Pattern	Human Role	Agent Autonomy	Latency	Scalability
Human-in-the-Loop	Approves every action	Minimal — proposes only	High	Low
Human-on-the-Loop	Monitors, can abort/override	Moderate — acts unless stopped	Medium	Medium
Human-over-the-Loop	Sets goals & policies, reviews outcomes	High — plans and acts within boundaries	Low	High
Human-beside-the-Loop	Collaborates as co-pilot	Shared — alternates initiative	Medium	Medium
Human-out-of-the-Loop	None	Full — end-to-end autonomous	Lowest	Highest

The key insight: moving right on the spectrum increases throughput and reduces latency, but also increases risk. Choose the pattern that matches the consequences of agent errors in your domain.

Pattern 1: Human-in-the-Loop (HITL)

Definition

The agent proposes an action, then waits for explicit human approval before executing it. Every tool call, every decision, every output requires a human to press “approve” or “reject.”

sequenceDiagram
    participant User as Human
    participant Agent as AI Agent
    participant Tool as Tool / API

    User->>Agent: Query
    Agent->>User: Proposed Action: search("capital of France")
    User->>Agent: ✅ Approved
    Agent->>Tool: search("capital of France")
    Tool->>Agent: Paris
    Agent->>User: Proposed Action: search("population of Paris")
    User->>Agent: ✅ Approved
    Agent->>Tool: search("population of Paris")
    Tool->>Agent: 2.1 million
    Agent->>User: Final Answer: Paris, ~2.1 million

When to Use

High-stakes decisions: financial transactions, medical recommendations, legal actions
Early deployment: building trust before granting more autonomy
Sensitive operations: deleting data, sending emails, modifying production systems
Regulatory requirements: EU AI Act Article 14 mandates human oversight for high-risk AI systems

Implementation with LangGraph

LangGraph provides interrupt() to pause execution and wait for human input:

from langgraph.graph import StateGraph, END
from langgraph.types import interrupt, Command
from langgraph.checkpoint.memory import MemorySaver
from typing import TypedDict, Annotated
from langgraph.graph.message import add_messages


class AgentState(TypedDict):
    messages: Annotated[list, add_messages]
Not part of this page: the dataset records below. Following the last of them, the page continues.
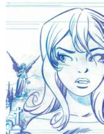
Cover van FANNY K. 1 en de ontwerpcover van deel 2, MORPHEUS. Op elk van de drie covers van de eerste driedelige cyclus zal Fanny een andere kant op kijken.
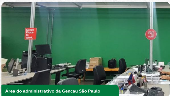
Área do administrativo da Gencau São Paulo

Quem circula pela unidade já notou as melhorias no ambiente de trabalho. Diversos pontos estratégicos, como o CEC, laboratórios, administrativo, diretoria e Gencoffee, receberam nova pintura. Pedimos a atenção de todos para as sinalizações de isolamento, especialmente nos corredores entre a barreira e o acesso à fábrica, utilizando sempre as faixas de pedestres para garantir a segurança de todos.
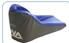
Protection en Promust CIC
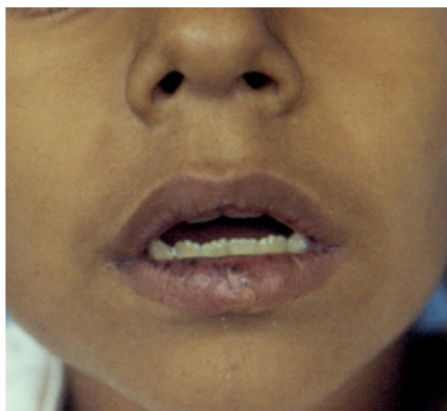
Figura 1 Máculas hipercrómicas en los labios.

labios, las cuales fueron aumentando en número y diámetro (fig. 1) y desde los 6 años de edad aparecieron manchas hipercrómicas de características similares en palmas y plantas. Las manchas en las plantas se encontraban en ambos pies y abarcaban además de la región de los ortejos, la región del metatarso y los talones (fig. 2). Los estudios de imagen y endoscópicos confirmaron la presencia de pólipos en el colon y en el intestino delgado (fig. 3); el estudio histopatológico de los mismos confirmó que correspondían al tipo hamartomatoso (fig. 4). El síndrome de Peutz-Jeghers se caracteriza
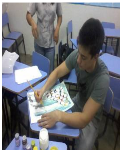
Foto 6 - Aluno pintando a obra 'Operários'
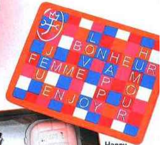
Happy Graphic Box, Castelbajac Parfums, 53 €, dans les parfumeries agrées.
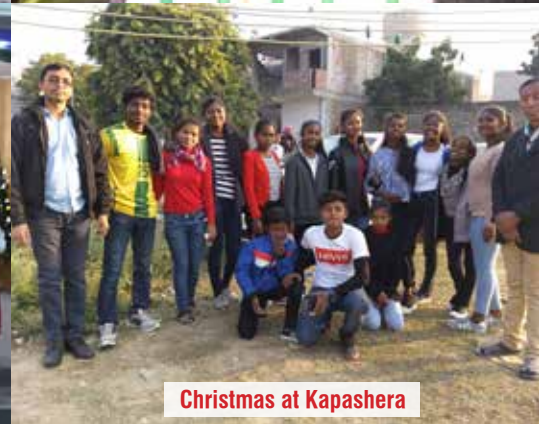
Christmas at Kapashera
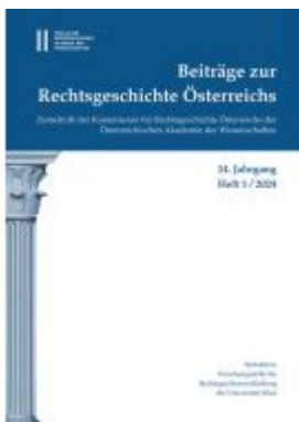
Beiträge zur Rechtsgeschichte Österreichs, 14. Jahrgang, Heft 1/2024 Ladenpreis: 69,00EUR
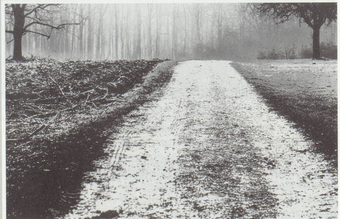
▼ Bruderholzweg ohne Kosmetik
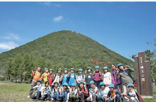
5年榛名移動教室 大自然の中で様々な体験学習を進めました

でも、多くの地域・保護者の皆様にご来校いただくことができました。有り難うございました。作品づくりは、今年度当初から始まりました。展覧会で多くの方に見ていただけることを励みに、制作が進むほどに膨らむイメージを楽しみながら作品を作りました。体育館の天井を飾ったのは、全校児童で作った共同作品です。
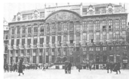
Dům Brabantských vévodů, 30. léta

probíhala výuka v češtině. Při spolku byl založen pěvecký a divadelní kroužek. V Bruselu fungovala i sokolská jednota. Skvělou vizitkou naší kultury se stalo loutkové divadlo , které se v polovině 30. let modernizovalo. Byla v něm např. elektrická fontána, mlýn na tekoucí vodu, kouřící mlíže. Představení probíhala ve spolkové místnosti v Domě brabantských vévodů na Grand-Place. Po válce loutky dlouho odpočívaly, nebyli loutkaři. Koncem 80. let výbor rozhodl věnovat loutky ČSÚZ v Praze, kde mělo vzniknout krajanské muzeum. K tomu však nedošlo a loutky se po roce 2000 opět vrátily do Belgie. Byly však použity jen jednou v roce 2009 na Mikulášské nadílce, tak bohužel nadále leží v krabici.
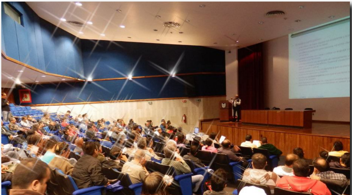
ASISTENTES AL SEMINARIO

def agent_node(state: AgentState) -> dict:
    """LLM decides what to do next."""
    response = llm_with_tools.invoke(state["messages"])
    return {"messages": [response]}


def human_approval_node(state: AgentState) -> dict:
    """Pause for human approval before executing tools."""
    last_message = state["messages"][-1]
    tool_calls = last_message.tool_calls

    # Present the proposed action to the human
    descriptions = []
    for tc in tool_calls:
        descriptions.append(f"{tc['name']}({tc['args']})")
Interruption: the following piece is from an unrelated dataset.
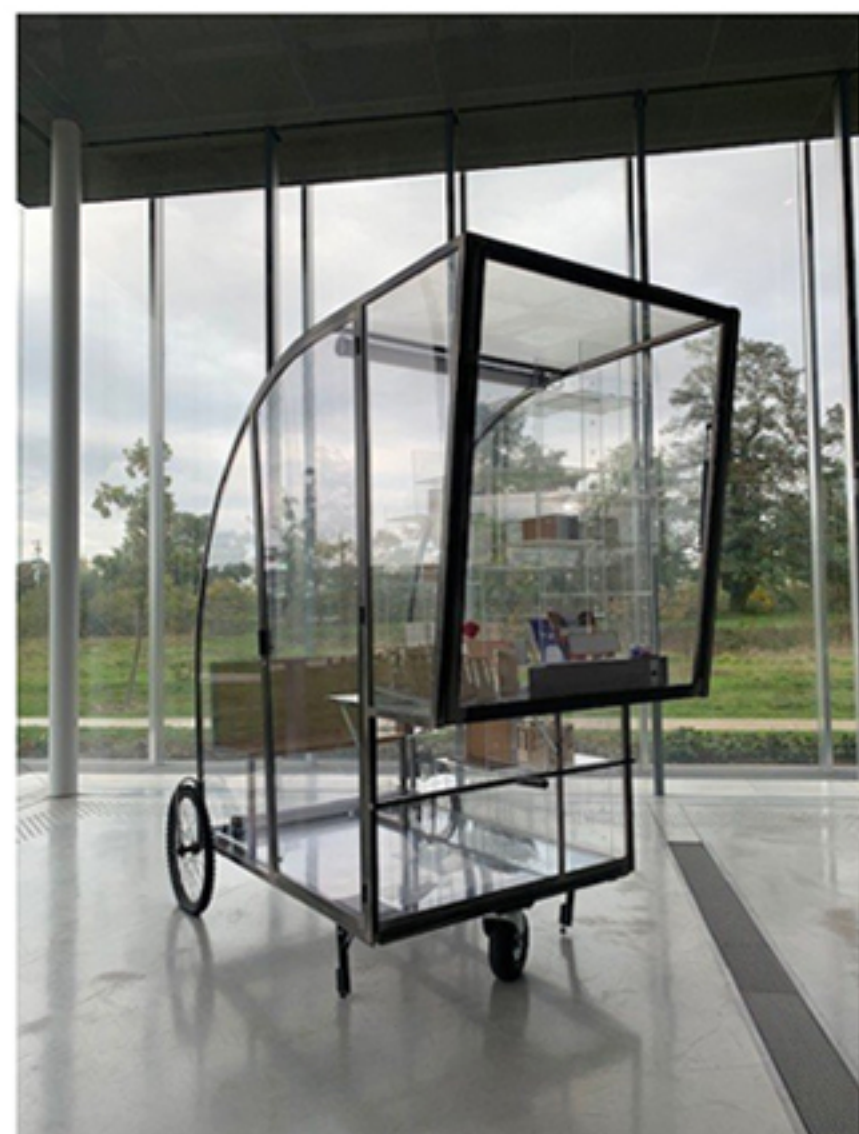
Rolling House, conçue par l'agence Metek (Sarah Bitter avec Christophe Demantké)
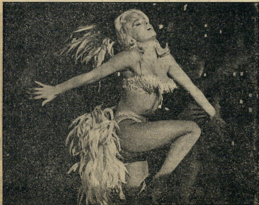
4. היפוליטה היפה (איטליה)

    # interrupt() pauses the graph and returns control to the caller
    decision = interrupt({
        "proposed_actions": descriptions,
        "prompt": "Approve these tool calls? (yes/no/edit)",
    })

    if decision.get("action") == "reject":
        # Human rejected — ask the agent to try something else
        return {"messages": [{
            "role": "user",
            "content": f"The user rejected the proposed actions. Reason: {decision.get('reason', 'No reason given')}. Try a different approach.",
        }]}

    # Approved — proceed (tools node will execute)
    return {"messages": []}


def should_continue(state: AgentState) -> str:
    last_message = state["messages"][-1]
    if hasattr(last_message, "tool_calls") and last_message.tool_calls:
        return "human_approval"
    return END


# Build the graph
graph = StateGraph(AgentState)
graph.add_node("agent", agent_node)
graph.add_node("human_approval", human_approval_node)
graph.add_node("tools", ToolNode(tools))

graph.set_entry_point("agent")
graph.add_conditional_edges("agent", should_continue, {
    "human_approval": "human_approval",
    END: END,
})
graph.add_edge("human_approval", "tools")
graph.add_edge("tools", "agent")

app = graph.compile(checkpointer=MemorySaver())

Usage:

config = {"configurable": {"thread_id": "session-1"}}

# Start the agent
result = app.invoke(
    {"messages": [{"role": "user", "content": "Delete the staging database"}]},
    config=config,
)
# Agent proposes: delete_database("staging") → graph pauses at interrupt()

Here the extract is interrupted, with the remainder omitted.